PHSMA and California Oil Spill: Pipeline Company One of Worst Offenders in U.S.
On May 19, 2015, a pipeline located on the California coastline ruptured, spilling more than 100,000 gallons of crude oil. At least 21,000 gallons of the of the crude were dumped into the Pacific Ocean, creating a nine mile oil slick before the pipeline, which is owned by Plains All American Pipeline, was finally shut off – three hours after the rupture occurred.
According to the U.S. Pipeline and Hazardous Materials Administration (PHSMA), Plains All American Pipeline is one of the worst offenders for safety and maintenance infractions. In less than a decade, the company has been cited for 175 safety and maintenance violations, including being responsible for at least 10 other oil spills in four other states.
Plains All American operates almost 18,000 miles of pipeline through several states. The company’s rate of incidents per mile is more than three times the national average of other pipeline operators, according to a recent independent analysis. Of the more than 1,700 pipeline companies that operated in the U.S., only four other companies have more reported violations than Plains All American.

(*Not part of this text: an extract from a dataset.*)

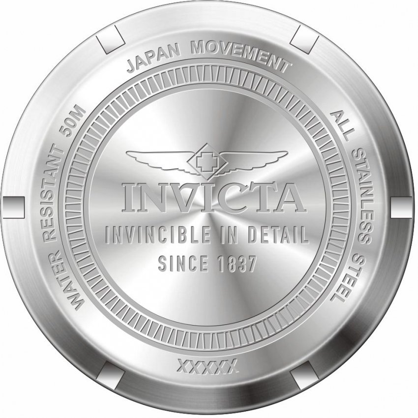 This Invicta 29384 Specialty watch has a 43 mm gold stainless steel case and precise Quartz movement. The silver dial is protected by a highly resistant mineral Crystal. A gold stainless steel band completes this masterpiece, along with water resistance of up to 50 m. Invicta 2-year warranty included.

The company has paid over $115,000 in civil penalties for violations which include failing to maintain adequate firefighting gear and relying on local volunteer fire departments. They have also been cited for failing to install equipment to prevent pipe corrosion, failing to prove it had completed repairs recommended by inspectors and failing to keep records showing inspections of breakout tanks used to ease pressure surges in pipelines.
The Santa Barbara oil spill area has been declared a state of emergency, with both Refugio State Beach and El Capitan State Beach closed. More than 850 workers have been attempting to clean the damage that has been done to the area. As of today, more than 280 dead animals have been recovered, including 180 birds and 100 marine mammals. So far, workers have recovered 14,267 gallons of oily water and 960 cubic yards of oily sand. The cost to date is at least $65 million, with more months of clean-up recovery expected.